One thing is clear: there is a double-talk in the realm of human rights. Many influential international agencies and health care administrators act in a two-faced way. They pay lip-service to human rights rhetoric, launch “health for all” campaigns, and promulgate new and lofty-styled patient rights charts. But they are insincere. In cold blood, they degrade some people to the condition of non-persons, deprive unhappy children or aged people of humanhood and human rights, and discard them as unworthy to life. To justify such actions, they tell us that there is not enough money to pay for the needs of everyone. Applying the tools of social darwinism, parlamentarians and burocrats alike stealthily spoliate the weaker (the unborn and the feebleminded, the bodily handicapped, the elderly and the destitute) of their share, to get more and more for the stronger.
This is an alarming trend. Until recently in the western tradition, the whole process of education (medical education included) tried to fix in all of us the idea that weak people are very important and entitled to our utmost respect. It has been said that we are born little savages and require a long educational process to imprint in our souls the concept that the weak also matter.
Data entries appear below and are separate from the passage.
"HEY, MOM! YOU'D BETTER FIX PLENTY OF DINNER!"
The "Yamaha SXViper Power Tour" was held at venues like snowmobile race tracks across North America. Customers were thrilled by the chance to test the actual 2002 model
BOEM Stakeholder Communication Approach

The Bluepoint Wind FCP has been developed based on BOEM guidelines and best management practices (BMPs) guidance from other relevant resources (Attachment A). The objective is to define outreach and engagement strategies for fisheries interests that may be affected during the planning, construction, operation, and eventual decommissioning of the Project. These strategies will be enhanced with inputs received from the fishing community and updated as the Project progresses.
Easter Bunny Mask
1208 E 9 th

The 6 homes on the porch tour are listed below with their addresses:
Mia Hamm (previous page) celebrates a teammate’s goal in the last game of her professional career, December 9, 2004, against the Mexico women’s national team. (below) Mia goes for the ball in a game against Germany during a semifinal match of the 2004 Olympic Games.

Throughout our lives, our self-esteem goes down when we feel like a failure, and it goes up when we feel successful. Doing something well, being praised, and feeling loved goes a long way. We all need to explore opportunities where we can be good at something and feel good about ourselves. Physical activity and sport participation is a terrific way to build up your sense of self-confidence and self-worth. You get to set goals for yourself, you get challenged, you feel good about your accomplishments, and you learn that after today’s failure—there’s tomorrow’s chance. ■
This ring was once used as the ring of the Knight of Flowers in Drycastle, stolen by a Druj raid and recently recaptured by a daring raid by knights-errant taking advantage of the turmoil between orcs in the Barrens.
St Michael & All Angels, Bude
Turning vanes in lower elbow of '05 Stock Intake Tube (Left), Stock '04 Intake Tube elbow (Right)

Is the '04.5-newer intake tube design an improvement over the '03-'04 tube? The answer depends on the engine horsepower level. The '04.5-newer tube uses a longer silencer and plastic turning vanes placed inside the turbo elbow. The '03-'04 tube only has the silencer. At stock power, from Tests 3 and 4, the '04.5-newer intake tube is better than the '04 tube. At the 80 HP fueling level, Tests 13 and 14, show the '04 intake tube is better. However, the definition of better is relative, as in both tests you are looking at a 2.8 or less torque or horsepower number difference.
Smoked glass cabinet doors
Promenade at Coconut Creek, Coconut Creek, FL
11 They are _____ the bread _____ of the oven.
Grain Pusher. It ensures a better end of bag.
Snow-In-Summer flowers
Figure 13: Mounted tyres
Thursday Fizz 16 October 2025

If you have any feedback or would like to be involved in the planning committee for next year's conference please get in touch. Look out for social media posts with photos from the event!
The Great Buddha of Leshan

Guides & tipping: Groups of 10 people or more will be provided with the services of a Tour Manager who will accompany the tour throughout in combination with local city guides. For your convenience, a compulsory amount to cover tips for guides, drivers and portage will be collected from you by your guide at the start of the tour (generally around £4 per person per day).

But at present, within both society and medicine, there is a trend to despise the debilitated as if their feelings and needs were worthless and despicable. There is everywhere a mounting intolerance towards the weakling.
Let us see this with an example to illustrate my assertion. If a nonhadicapped individual revealed his intention to commit suicide, his decision would be rejected as unfounded and help would be given him to overcome his crisis. But if a disabled or chronically ill person announced the same desperate intent, many people would tend to accept that this poor person is acting rationally because he or she is a living proof, confirming their euthanasiast bias, that people like him are better off dead. This example shows how deep is the social intolerance for weakness and how eroded is the respect for the rights ot the feeble.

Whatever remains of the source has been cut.